Posted June 28, 2004

There are two 800-pound gorillas in the software development world today: Microsoft .NET and the Java 2 Platform, Enterprise Edition (J2EE). As much as fanatics in one camp might want to pretend that the other camp does not exist or that the other camp is not relevant, the fact is both camps are equally prevalent today and will continue to be for the foreseeable future. Eventually all developers, regardless of camp affinity, are forced to face this reality and interoperate with the other camp.

Java quickly gained popularity when it first emerged in the mid-1990s. Some of this popularity was based on hype about Java's security. Others were drawn in by the allure of technologies, such as applets, that would later prove to be letdowns. Almost certainly the strongest pull was from the marketing slogan, "Write Once, Run Everywhere." In practice, this concept is never as straightforward as one would hope, but the slogan is not far from the truth. A more accurate slogan, however, would be, "Write Once, Test Everywhere."

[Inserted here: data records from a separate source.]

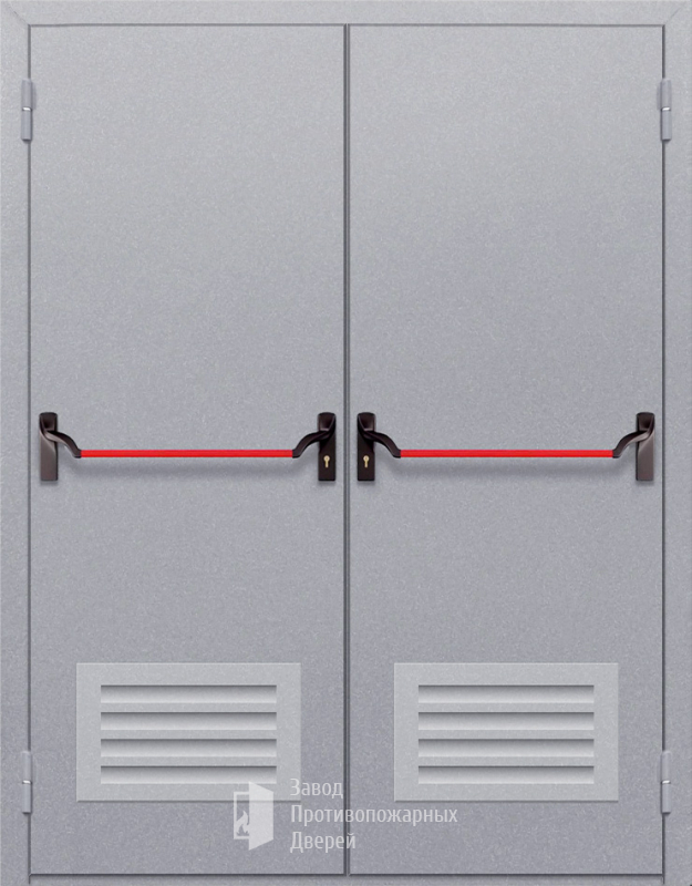 Противопожарная Двупольная глухая дверь ДПМ-02-EI60 с решеткой и антипаникой |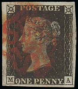 MA, generally large margins, red Maltese Cross cancellation; very fine. Brandon Certificate (2008). Photo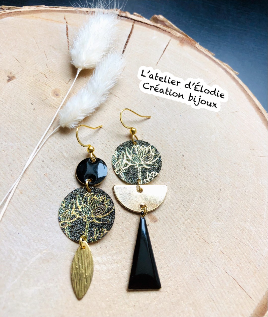 pièce unique - breloques dorées et émaillées noires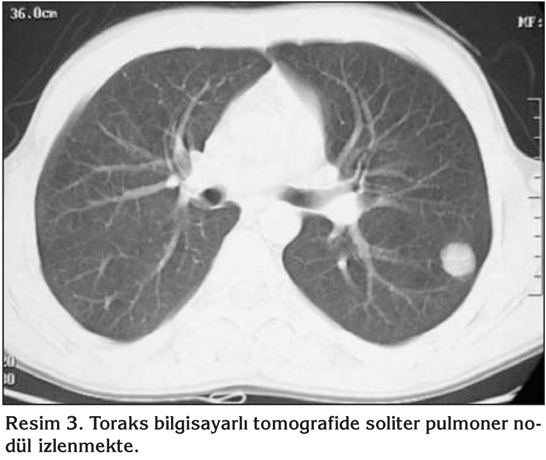 Yirmi ya??nda erkek hastan?n, alt? ayd?r halsizlik ve ?? ayd?r sol yan a?r?s? yak?nmalar? vard?. Askerlik g?revini yapmakta iken Verem Sava? Dispanseri taraf?ndan yap?lan taramada ?ekilen PA akci?er grafisinde ku?kulu lezyon saptanmas? ?zerine hastanemize sevk edildi. Fizik muayene bulgular? normal saptand?; hastan?n ate?i; 36?C, nabz?; 63 vuru/dakika, TA; 100/65 mmHg, solunum say?s?; 16/dakika idi. ?z ge?mi?inde ve yak?n aile anamnezinde bir ?zellik yoktu. Bir paket/y?l sigara ?yk?s? vard?. Tam kan, tam idrar, sedimentasyon ve rutin biyokimya incelemeleri normal s?n?rlarda tespit edildi. PA ve lateral akci?er grafilerinde sol hemitoraksta ?st zonda SPN ile uyumlu g?r?n?m mevcuttu (Resim 1,2). Toraks bilgisayarl? tomografi (BT)'de; sol akci?er ?st lob apikoposterior segmentte, periferik yerle?imli, yakla??k 2 x 2 cm ?ap?nda, d?zg?n kont?rl?, sferik SPN ile uyumlu g?r?n?m saptand?. Mediastende patolojik boyutlarda lenfadenopati yoktu ve tan?mlanan g?r?n?m haricinde infiltrasyon ve kitle saptanmad? (Resim 3). Hasta balgam ??karamad??? i?in al?nan mide suyu asido-alkalo rezistan basil (ARB) negatif olarak de?erlendirildi ve k?lt?r?nde ?reme olmad?. Bronkoskopide endobron?iyal lezyon g?zlenmedi. Bron? lavaj? ARB negatifti ve k?lt?r?nde ?reme olmad?. Bron? lavaj? sitolojik incelemesi malignite y?n?nden negatif olarak raporland?. Kist hidatik i?in yap?lan ELISA testi negatif bulundu. Bat?n ultrasonografi (USG) incelemesi normaldi. Olgudan SPN etyolojisini ayd?nlatabilmek i?in g???s cerrahisi kons?ltasyonu al?nd? ve olguya kist hidatik ?n tan?s?yla operasyon planland?. Torakotomi ile sol ?st lobda saptanan 2 x 2 cm'lik nod?le wedge rezeksiyon uyguland? ve perioperatif patoloji kons?ltasyonu istendi. Elde edilen materyalin makroskobik incelenmesinde malignite saptanmamas? ?zerine operasyon sonland?r?ld?. Eksizyonel biyopsi ?rne?inin mikroskobik incelemesi intralober pulmoner sekestrasyon (Kesitlerde akci?er parankimi bulgular? g?steren iyi s?n?rl? nod?ler lezyon izlenmektedir. G?m??leme y?ntemiyle yap?lan incelemede lezyonda yayg?n olarak retik?lin liflerinde art??, baz?lar? hiperplastik g?r?n?mde damar yap?lar? ve d?zensiz bron? alveol ?at?lar? g?r?lmektedir) olarak raporlanm??t?r.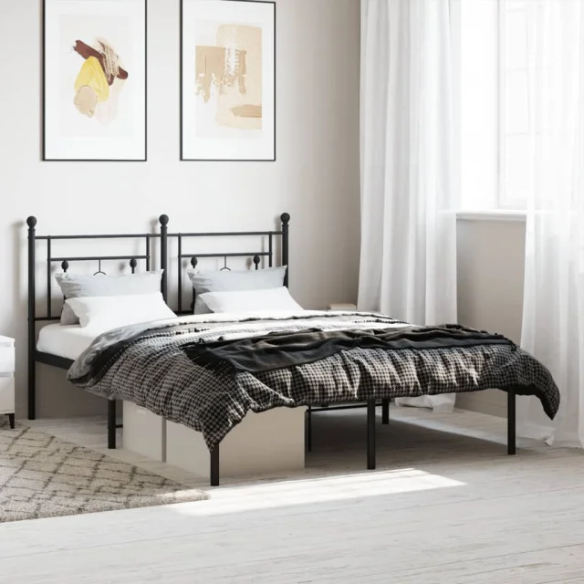 Kovinski Posteljni okvir - Dvoposteljna postelja - Zakonska postelja z vzglavjem črn 140x190 cm

The technical term for this capability is portability. Portability implies hardware and (to an extent) software independence. IT shops find portability invaluable because they can leverage their existing hardware. Software companies also love portability because they can develop their products on one set of software/hardware and then sell the products to a wide range of customers.

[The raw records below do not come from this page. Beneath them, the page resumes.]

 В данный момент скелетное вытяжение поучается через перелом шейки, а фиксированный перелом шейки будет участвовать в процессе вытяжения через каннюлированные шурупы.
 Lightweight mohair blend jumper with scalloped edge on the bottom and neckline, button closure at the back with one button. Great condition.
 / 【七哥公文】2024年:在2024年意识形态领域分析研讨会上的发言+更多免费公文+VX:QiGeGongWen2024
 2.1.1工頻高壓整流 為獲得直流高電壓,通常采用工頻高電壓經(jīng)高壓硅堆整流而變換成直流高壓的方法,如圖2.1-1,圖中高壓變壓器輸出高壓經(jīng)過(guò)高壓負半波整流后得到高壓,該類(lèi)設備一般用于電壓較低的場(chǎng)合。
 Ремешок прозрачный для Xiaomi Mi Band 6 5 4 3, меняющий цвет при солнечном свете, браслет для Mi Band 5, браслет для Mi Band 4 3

Today, as a direct result of new technologies, portability is less important. Instead, it has been replaced by another, more sophisticated capability called interoperability. Webopedia.com defines interoperability as "the ability of software and hardware on different machines from different vendors to share data." This definition certainly sums it up. One of the key reasons portability was so important in the past is that it was extremely difficult to achieve interoperability between software components, even on the same hardware platform, let alone different hardware platforms.

Don't get me wrong; portability is still useful. As a Java developer, I almost always develop and test code on my Dell-Windows XP laptop. When I am satisfied that it works (which is, unfortunately, never on the first try), I deploy it to the target platform, which is often some flavor of Unix on HP, Sun Microsystems, or IBM hardware. I could never have done this without Java's interoperability.

The reason interoperability is ultimately more significant than portability: Whereas portability guarantees that my Java code will work on another platform, it requires that all software be written in Java. Interoperability, on the other hand, guarantees I will be able to use or access other software regardless of what language it is coded in and what platform it is deployed on.